Scotland’s independence referendum has come and gone. Like they say in South Africa’s parliament: The Noes have it! But the secessionists have won all sorts of promises of powers to the Holyrood parliament which they could not have dreamt of ten years ago.
There are distinct political similarities between the Western Cape and Scotland. The Western Cape’s ethnic makeup is different to the rest of the country. Non-black people, if one can use such a pejorative term, constitute the majority. Whites are a sizeable minority compared to the rest of South Africa. Coloureds rather than blacks – I use the term black to mean African black – constitute a majority. In Scotland, the majority of the people look much like the English in England, speak the same language, but see themselves as an entirely distinct ethnic group.

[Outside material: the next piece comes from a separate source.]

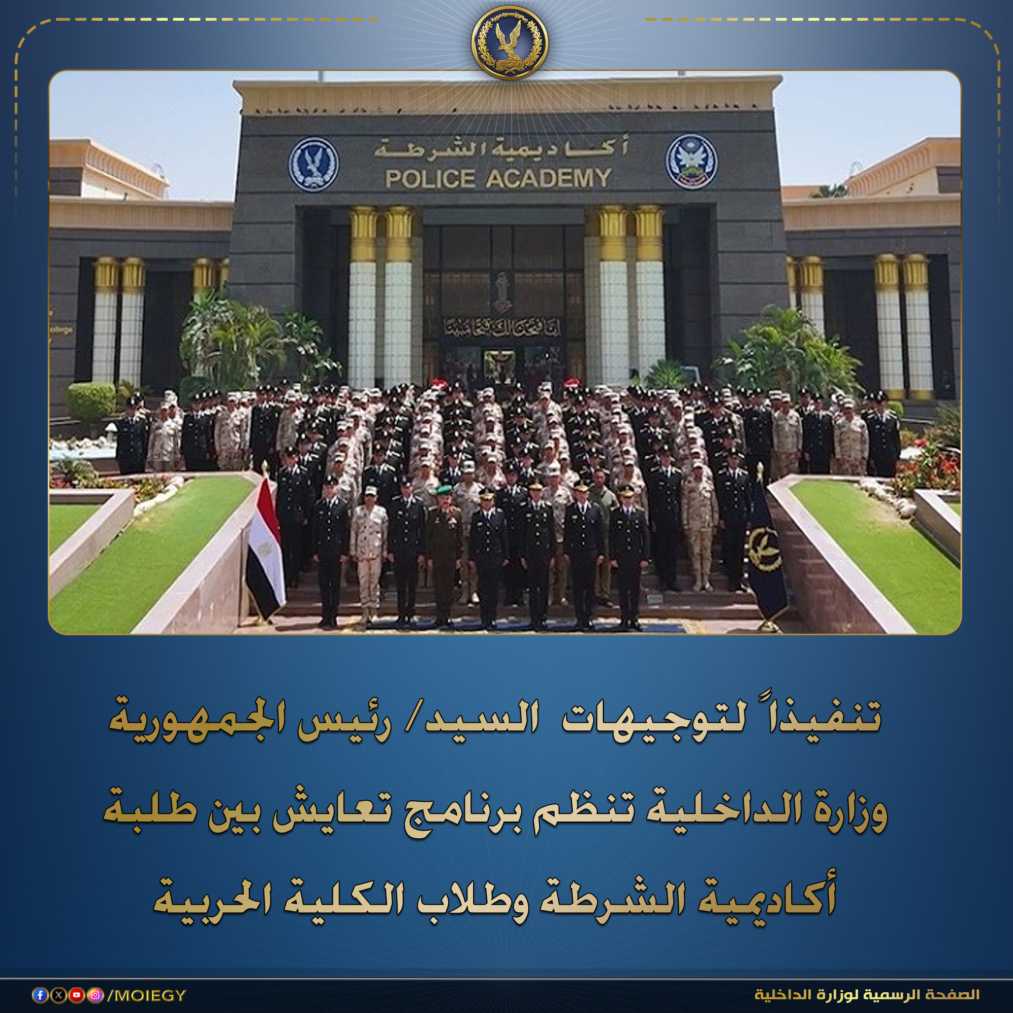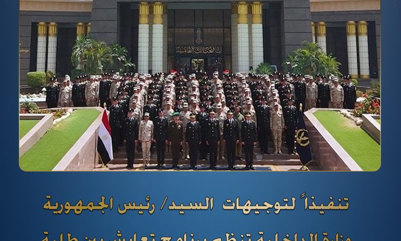 فى إطار توجيهات السيد الرئيس/ عبدالفتاح السيسى – رئيس الجمهورية .. نفذت وزارة الداخلية برنامجاً للمعايشة بين طلاب كلية الشرطة وطلاب الكلية الحربية من منطلق الحرص على توحيد المفاهيم التدريبية وترسيخ أطر التواصل بين جناحى أمن الوطن للتصدى بإحترافية وتنسيق كامل لكل من يحاول النيل من مقدرات الوطن وإستقراره.

Helen Zille, who some have compared with the late Baroness Margaret Thatcher, has carefully martialed the forces of opposition to the ANC in the province. Like the Scottish National Party at Holyrood, the Democratic Alliance dominates the legislature in Cape Town. The ruling party in the United Kingdom, the Conservative Party of David Cameron, has just one seat in the Scottish House of Commons. While the ANC is the largest minority party in the Western Cape, it has lost the status of government in the province and of the Cape Town metropolitan in the last eight years. The chances of the ANC returning to power doesn’t appear at all likely in the foreseeable future.

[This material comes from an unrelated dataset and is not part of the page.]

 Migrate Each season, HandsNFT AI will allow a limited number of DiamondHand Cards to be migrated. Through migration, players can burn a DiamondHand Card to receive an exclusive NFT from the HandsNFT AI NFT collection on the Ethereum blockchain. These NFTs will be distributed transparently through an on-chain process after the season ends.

Like the Scottish National Party, the DA has been growing election after election in the last decade or so. The first major breakthrough was in Cape Town in 2006, when Zille swept aside the ANC to become mayor. In 2009, she swept aside Lynne Brown to become premier of the province. In the 2011 election the Western Cape swung heavily to the DA – an outright victory in Cape Town as well as in 11 of the 24 local municipalities in the province. The ANC won only the Beaufort West local municipality – with a one-seat majority – outright. The SNP has also been showing strong growth in the elections in Scotland over the last decade, winning an outright majority in the Scottish parliament in 2011. Interestingly it received 45.4 percent of the vote in that year, roughly what the Yes for Scotland vote was in the referendum earlier this month. With that vote it garnered an overall majority in the Scottish parliament with 69 of the 129 seats at Holyrood. It had however formed a minority government in 2007 in the Scottish Parliament with 32.9 percent of the vote.
Of course, the DA is not a nationalist party, not yet anyway. It is making significant electoral progress in the economic powerhouse of South Africa – Gauteng – and the withdrawal of the Western Cape would shrink its support in the National Assembly. It is also a huge question whether the Western Cape has the fiscal strength to go it alone. Then there is also the question, how would the province delink itself from the massive SOEs, including Eskom and Transnet. Would the Southern African Development Community allow the Republic of Zille to be part of it, let alone the African Union?
At present the issue isn’t even on the table, but regional secession as it would be in South Africa and nationalist secession as it would have been in Scotland, starts with the planting of the political seed.